Capacity planning is a critical discipline for Site Reliability Engineering (SRE) teams responsible for maintaining reliable, performant systems at scale. As organizations increasingly rely on digital services, the ability to accurately forecast resource needs, plan for growth, and efficiently allocate infrastructure becomes essential for both reliability and cost management.
This comprehensive guide explores capacity planning methodologies, metrics, forecasting techniques, and implementation strategies specifically tailored for SRE teams. Whether you’re managing on-premises infrastructure, cloud resources, or hybrid environments, this guide will help you develop a robust capacity planning practice that ensures your systems can handle expected and unexpected demands while optimizing resource utilization.
Understanding Capacity Planning for SRE
Before diving into specific methodologies, let’s establish what capacity planning means in the context of Site Reliability Engineering.
What is Capacity Planning?
Capacity planning is the process of determining the resources required to meet expected workloads while maintaining service level objectives (SLOs). For SRE teams, this involves:
- Forecasting demand: Predicting future workload based on historical data and business projections
- Resource modeling: Understanding how workload translates to resource requirements
- Capacity allocation: Provisioning appropriate resources across services and regions
- Performance analysis: Ensuring systems meet performance targets under expected load
- Cost optimization: Balancing reliability requirements with infrastructure costs
Why Capacity Planning Matters for SRE
Effective capacity planning directly impacts several key aspects of reliability engineering:
- Reliability: Ensuring sufficient capacity to handle expected and unexpected loads
- Performance: Maintaining response times and throughput under varying conditions
- Cost efficiency: Avoiding over-provisioning while maintaining reliability
- Incident prevention: Proactively addressing capacity issues before they cause outages
- Scalability: Supporting business growth without service degradation
The Capacity Planning Lifecycle
Capacity planning is not a one-time activity but a continuous process:
┌─────────────────┐
│ │
│ Collect Data │
│ │
└────────┬────────┘
│
▼
┌─────────────────┐
│ │
│ Analyze Trends │
│ │
└────────┬────────┘
│
▼
┌─────────────────┐
│ │
│ Forecast Demand│
│ │
└────────┬────────┘
│
▼
┌─────────────────┐
│ │
│ Model Resource │
│ Requirements │
│ │
└────────┬────────┘
│
▼
┌─────────────────┐
│ │
│ Plan Capacity │
│ │
└────────┬────────┘
│
▼
┌─────────────────┐
│ │
│ Implement │
│ Changes │
│ │
└────────┬────────┘
│
▼
┌─────────────────┐
│ │
│ Monitor and │
│ Validate │
│ │
└────────┬────────┘
│
└─────────────► (Back to Collect Data)
Key Metrics for Capacity Planning
Effective capacity planning relies on tracking and analyzing the right metrics.

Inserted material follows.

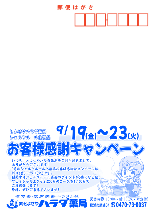 期間中は、シェルクルール商品ご購入時にとよせやハラダ薬局友の会カードのポイントが3倍になる他、フェイシャルエステ¥2,200のコースを¥1,100でお受けいただけます!✨️
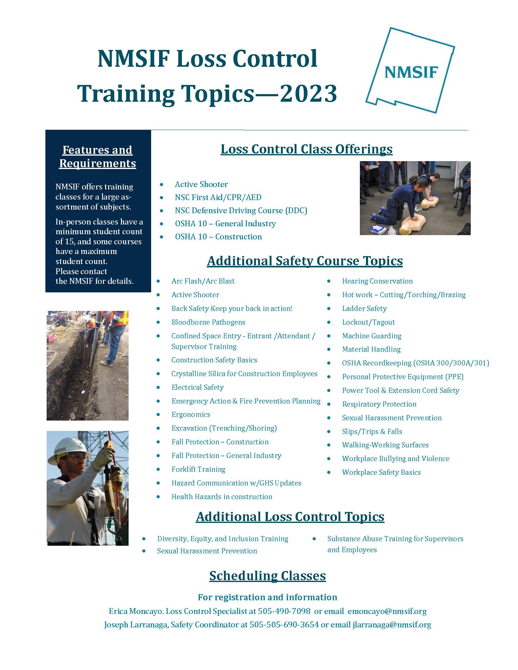 Please fill out the Loss Control Trainings Interest Form to begin the registration and scheduling process.

Resource Utilization Metrics
These metrics measure how much of your available resources are being used:
CPU Utilization: Percentage of CPU capacity being used
- Target: Typically 60-80% for headroom
- Formula:
(CPU time used / CPU time available) * 100%
Memory Utilization: Percentage of memory being used
- Target: Typically 70-85% for headroom
- Formula:
(Memory used / Total memory) * 100%
Disk Utilization: Percentage of storage capacity being used
- Target: Typically <80% for performance reasons
- Formula:
(Disk space used / Total disk space) * 100%
Network Utilization: Percentage of network bandwidth being used
- Target: Typically <70% to avoid congestion
- Formula:
(Network traffic / Network capacity) * 100%
Performance Metrics
These metrics measure how well your system is performing:
Latency: Time taken to process a request
- Target: Depends on SLOs (e.g., p95 < 200ms)
- Formula:
Time request completed - Time request received
Throughput: Number of requests processed per unit time
- Target: Depends on system requirements
- Formula:
Number of requests / Time period
Error Rate: Percentage of requests that result in errors
- Target: Typically <0.1% for critical services
- Formula:
(Number of errors / Total requests) * 100%
Saturation: Extent to which a resource has more work than it can handle
- Target: Avoid saturation (queue depth > 0)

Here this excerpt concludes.